Trading System Signals on 02-05-2026
- Capstone Trading
- 3 days ago
- 3 min read
Updated: 2 days ago
The Nasdaq futures traded down to yesterday's low in the overnight session, signaling the over aggressive afternoon rally during yesterday's day session. The dip buyers spent the day propping the market up, but by the end of the day the market rolled over towards the early session lows with selling accelerating in the after hours. It was a very choppy session as the Nasdaq 100 settled well below the 25,000 level. Bitcoin continued its slide lower, while Silver was down over -10%. The VIX looks like it is building up momentum to break through 25.
If there is a bear market forming, it is the slowest developing bear market that I have seen.
Some of the shorts today, mainly Cobra III strategies were stopped out with 60-70 point stop losses. We needed a 130 point stop loss or approximately twice the amount to stay with a trade that would have been a big difference on the day. Less than 100 points is a small move in this environment. We are seeing some one minute bars that span 100 points in the E-mini Nasdaq.
We are in a market where the percentage of winners will drop when ranges expand but will give us the opportunity, once it breaks sharply in one direction, to capture a home run trade, if we can get a decisive move that separates from the entry price (lately there is a lot of noise around the entries).
Last April there was an 1800 point day in the Nasdaq.
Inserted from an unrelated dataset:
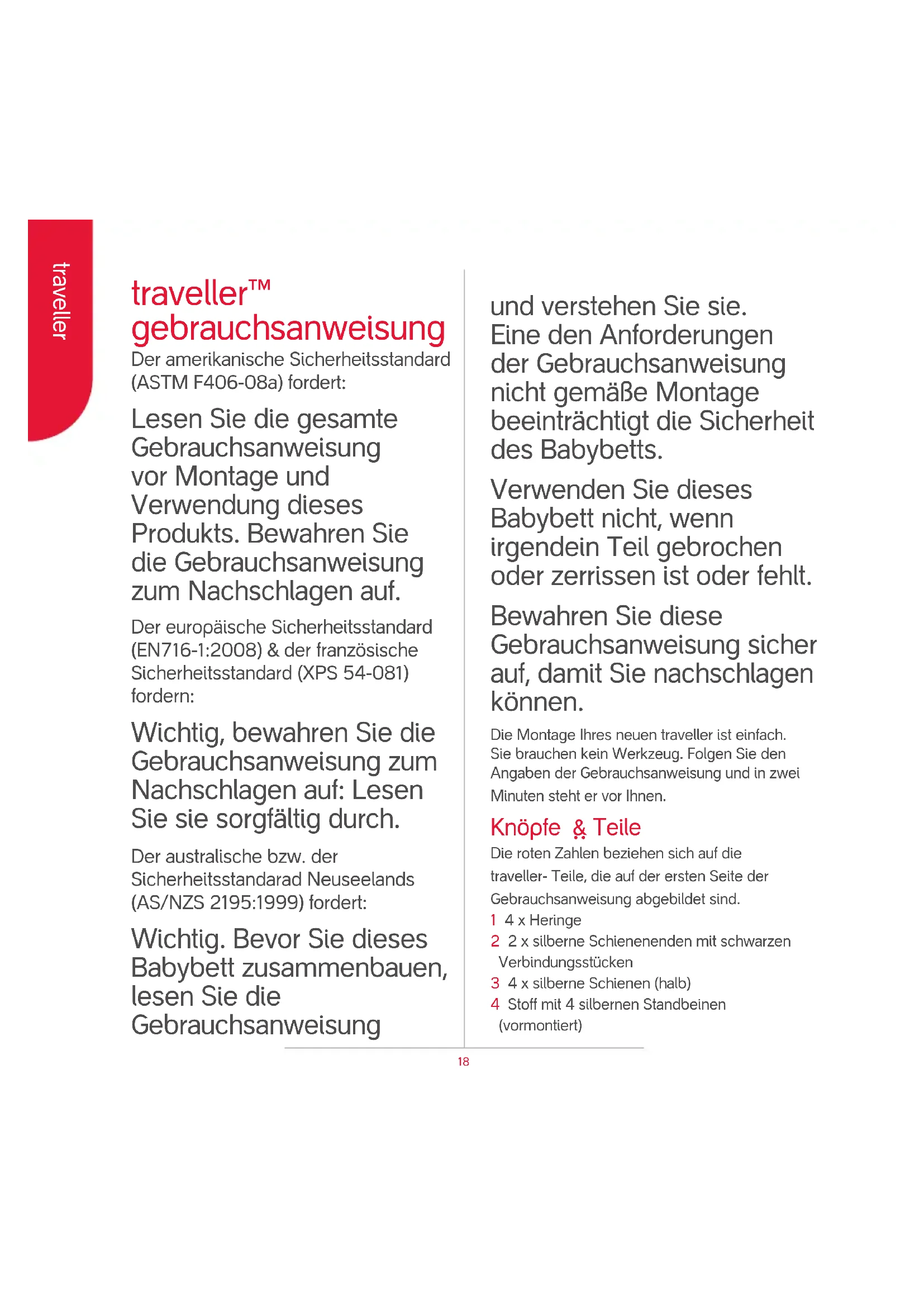 - réduire la hauteur des cotés du lit et faciliter la chute de l’enfant en dehors du lit. Veillez à ne rien laisser dans le lit (comme un jouet par exemple) qui pourrait servir de marchepied à l’enfant. N’utilisez pas le lit pliant à proximité d’une source importante de chaleur comme une flamme, un radiateur, d’un appareil de cuisson etc… Veillez à garder le lit éloigné de toute corde, cordelette, lien. Veillez à conserver les médicaments et les petits objets loin du lit afin d’éviter les risques d’étouffement. l’épaisseur du matelas a été spéciale- ment étudiée afin que la distance entre le matelas et le haut des cotés soit au moins de 500mm. Cette distance per- met de limiter les risques de chute de l’enfant en dehors du lit. AVERTISSEMENTS La norme de sécurité Canadienne (CRC c.932) stipule : ATTENTION ATTENTIONtraveller traveller gebrauchsanweisung Der amerikanische Sicherheitsstandard (ASTM F406-08a) fordert: Lesen Sie die gesamte Gebrauchsanweisung vor Montage und Verwendung dieses Produkts. Bewahren Sie die Gebrauchsanweisung zum Nachschlagen auf. Der europäische Sicherheitsstandard (EN716-1:2008) & der französische Sicherheitsstandard (XPS 54-081) fordern: Wichtig, bewahren Sie die Gebrauchsanweisung zum Nachschlagen auf: Lesen Sie sie sorgfältig durch. Der australische bzw. der Sicherheitsstandarad Neuseelands (AS/NZS 2195:1999) fordert: Wichtig. Bevor Sie dieses Babybett zusammenbauen, lesen Sie die Gebrauchsanweisung und verstehen Sie sie. Eine den Anforderungen der Gebrauchsanweisung nicht gemäße Montage beeinträchtigt die Sicherheit des Babybetts. Verwenden Sie dieses Babybett nicht, wenn irgendein Teil gebrochen oder zerrissen ist oder fehlt. Bewahren Sie diese Gebrauchsanweisung sicher auf, damit Sie nachschlagen können. Die Montage Ihres neuen traveller ist einfach. Sie brauchen kein Werkzeug. Folgen Sie den Angaben der Gebrauchsanweisung und in zwei Minuten steht er vor Ihnen. Knöpfe ~ Teile Die roten Zahlen beziehen sich auf die traveller- Teile, die auf der ersten Seite der Gebrauchsanweisung abgebildet sind. 1 4 x Heringe 2 2 x silberne Schienenenden mit schwarzen Verbindungsstücken 3 4 x silberne Schienen (halb) 4 Stoff mit 4 silbernen Standbeinen (vormontiert) 18deutsch 5 4 x Füße (vormontiert an Standbeinen und Gewebe) 6 Befestigungsknöpfe aus Plastik 7 elastische Schlaufe 8 Luftmatratze (selbstaufblasend) 9 Tragetasche selbstverständlich ~ sicher Dieses Produkt entspricht folgenden Sicherheitsstandards:

Just 1/3rd of that move with 3-5 strategies would be a nice day.
Live trades are experiencing more than average slippage lately.
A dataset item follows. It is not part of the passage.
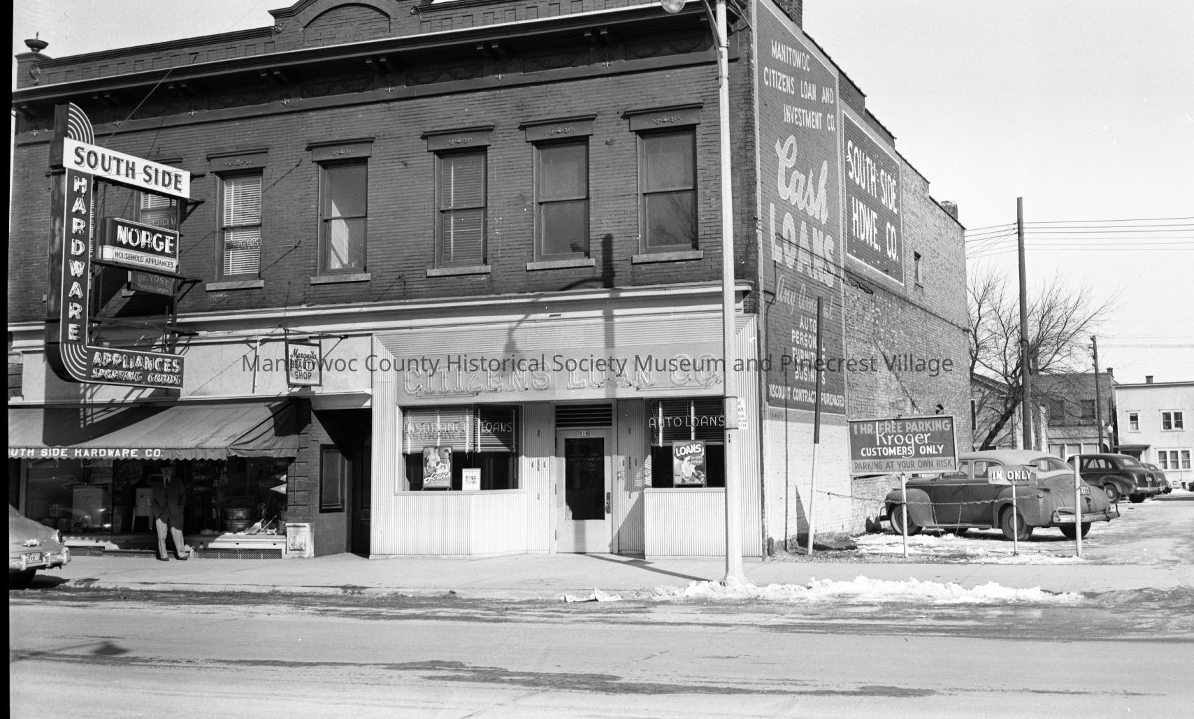 Citizen Loan Company, 918 Washington Street Manitowoc and Southside Hardware, 920 Washington Street. Photogrph taken on March 12th, 1952.Made/Created

Hypothetical Trading System Signals on 02-05-2026
Diversified Portfolio 57 (NQ Only) = -$10,100
Stock Index Portfolio 37 = -$11,950
Stock Index Portfolio 18 = -$1,525
Two System Portfolio NQ = -$745
Silver Portfolio = +$34,325 (still an open position short)
50K Portfolio = -$294 (without Gold and Silver)
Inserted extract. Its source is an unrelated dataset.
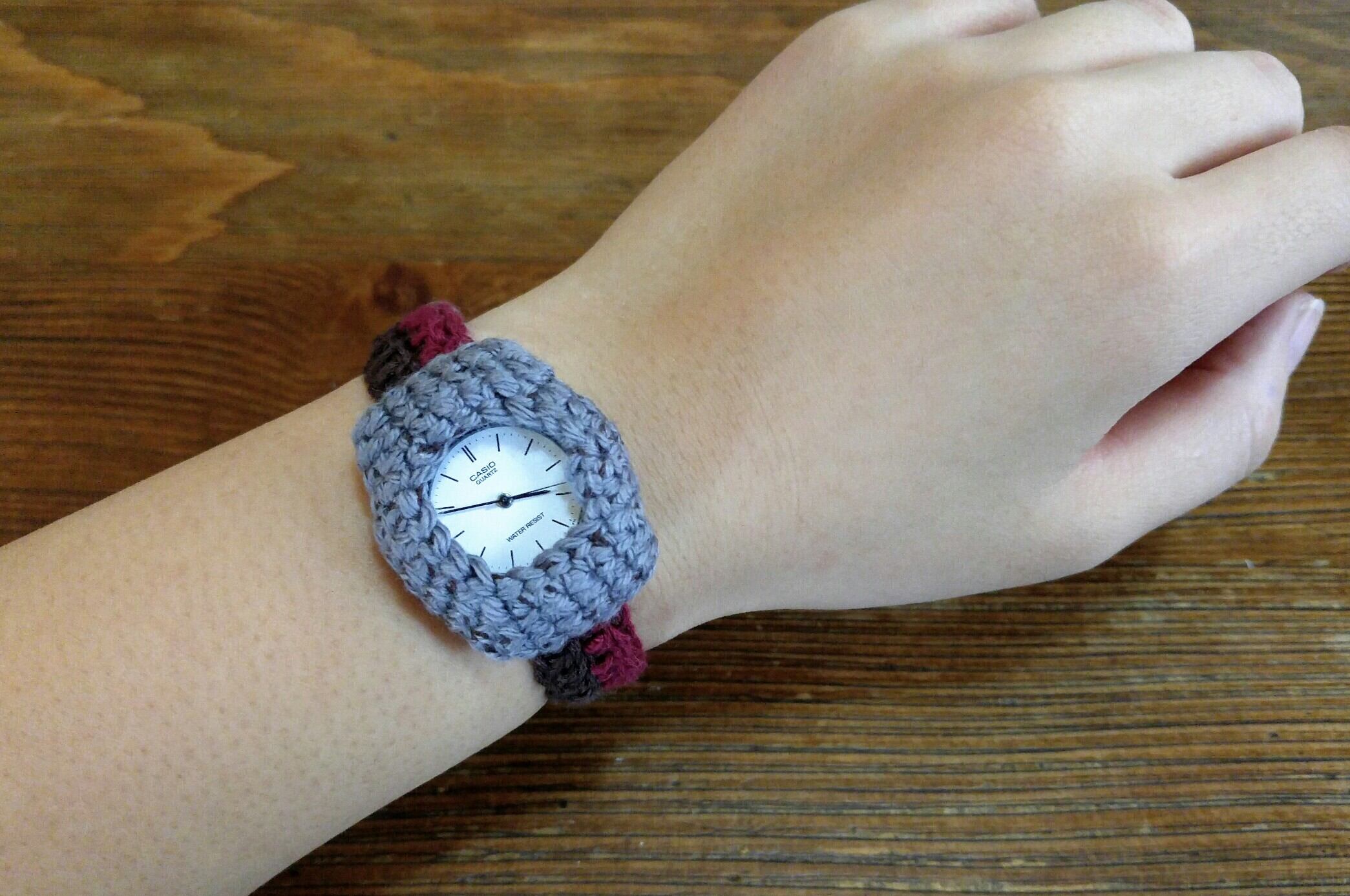 本商品は、時計の文字盤を伸縮性のあるニットでくるんでいます。

Silver had some large moves and while we post the hypotheticals since these strategies are in the portfolio calculators, we are not trading them live. Stop and market orders are rejected in an illiquid order book and the daily dollar ranges are too risky. Silver Breakout B has a big open position profit of +36K on the day. This market has to be constantly monitored and traded with limits. Stop orders (stop losses) can be rejected and recently, the daily dollar range in Silver futures exceed $200,000. If you trade the Silver market without constant monitoring, you could lose that amount and more per contract if an order is missed.
They portfolio calculators still include the precious metals since updating these will take some time. The portfolio calculators can be filtered to only include the E-mini Nasdaq.
In May 2010, a similar scenario unfolded in the Flash Crash. While the dip buyers seem to have an infinite amount of liquidity, there could be a point where they do run out of liquidity, margins calls could hit, or the bids disappear for any reason in a continuous sell off. Its important to make sure you monitor your positions closely as market orders and stop orders can be rejected and must be manually managed or you could end up with a huge win or a huge loss.
Its been a while seen we have seen real capitulation. For this reason, leverage has probably trailed its way up closer to the market than what we have seen historically. A normal pullback could generate price action similar to August 2024.
Tomorrow is Friday and the last trading day of the week as we go into a Super Bowl weekend, and typically a "feel good" time of the year for the stock market. With so many assets dropping this week, one bullish rule to watch is: The first quarter of the new year should not break the lows of December. This has already happened in the Nasdaq 100 and the S&P 500 is not far away. 6720 is the level to watch with a close of 6798.18 today.